If any one company has played a decisive role in the destruction of the NHS, it is the US consultancy giant McKinsey – a fact avoided by the media until the passage of Andrew Lansley’s health bill looked assured. By then the sheer scale of the company’s penetration of the corridors of power was impossible to ignore. Its influence extends far beyond the privatisation of the NHS. The former management consultant David Craig was not exaggerating when he said the company ‘has gained unprecedented power over the lives of British citizens’.
McKinsey has about 9,000 consultants in 55 countries, working with more than 90 per cent of the 100 leading global corporations and two-thirds of the Fortune 1000 list of companies. Forbes estimated the firm’s 2009 revenues at £4 billion. It consults for rival firms at the same time, and while it maintains that its left hand doesn’t tell the right hand what it is doing, this is widely disputed. It has certainly offered to share information gained from its work on privatisation for the Department of Health with private health companies seeking business from the department, as revealed in emails obtained by Spinwatch under the Freedom of Information Act.
Each of the firm’s 400 senior partners is estimated to make between £3 million and £6 million a year, and ‘junior directors’ over £1 million. Partners and other McKinsey staff regularly take senior jobs inside government. Dr David Bennett, a former senior partner, became chief of policy and strategy for Tony Blair from 2005 to 2007, and is now chairman and acting chief executive of Monitor, which will regulate the new healthcare market and play a crucial role in offering NHS business to private companies.

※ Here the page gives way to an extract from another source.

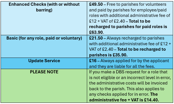 These prices have recently been updated since our changeover of DBS provider. If you have not yet registered to create an account with DDC, please email safeguarding@diocant.org for further instructions and support.

Dr Penny Dash was the Department of Health’s head of strategy from 2000 and a key author of the NHS Plan that set in train New Labour’s privatisation agenda. She subsequently became a McKinsey partner and played the lead role in producing New Labour’s two Darzi reports, the first of which sought to radically restrict levels of provision and staffing in London, while the second envisaged a system of privately owned polyclinics across the nation, under the guise of patient-friendly ‘clinical leadership’. In 2004 she set up the Cambridge Health Network, a McKinsey front that brings together departmental policy-makers with corporate executives at meetings sponsored by McKinsey client companies, from Halliburton to General Electric.
Besides penetrating the government McKinsey also plays a key role in the King’s Fund and the Nuffield Trust, the two dominant healthcare think tanks that have pushed the privatisation agenda. Both have senior McKinsey partners on their boards, and while they portray themselves as ‘independent’ they routinely endorse models of care that replicate the US health system – especially the concept of ‘integrated care’, which, while sounding progressive, points towards the US model of ‘managed care’, with its high insurance premiums, exorbitant CEO salaries and denial of care.
Among other key McKinsey initiatives leading up to the health bill – much of which is thought to have been drafted by McKinsey staff – were the Department of Health’s ‘World Class Commissioning’ initiative, and the ‘Framework for External Support for Commissioners’. These made it clear that private firms, not GPs, would end up spending the budgets of the new clinical commissioning groups – and McKinsey would be one of them. It was also a McKinsey report for the department in 2009 that called on the NHS to find ‘efficiency savings’ of £4 billion every year for five years, leading to the cuts now being imposed – another topic on which the media have been culpably silent, as the report was full of fallacies.
Of special relevance to the future of health care in England is a 2008 document produced by the American Association of Justice listing the ‘10 Worst Insurers’ in the US, at least three of which were advised by McKinsey. The worst was the property and auto insurer Allstate. According to the AAJ and lawyer David Berardinelli, Allstate sought, on McKinsey’s advice, to transform the very basis of the insurance relationship. Previously insurers always had a fiduciary responsibility to policyholders, but by following McKinsey’s advice to put shareholders’ interests first Allstate’s payments to policyholders fell by over 25 per cent, while its ten-year operating income leaped from £510 million to £17 billion. In effect, said Berardinelli, it institutionalised bad faith.
With the passage of the Health and Social Care Act, private health insurance and payments for care are clearly on the agenda again. With McKinsey and its clients set to play a dominant role in this shift, are we in for an English version of the Allstate model too?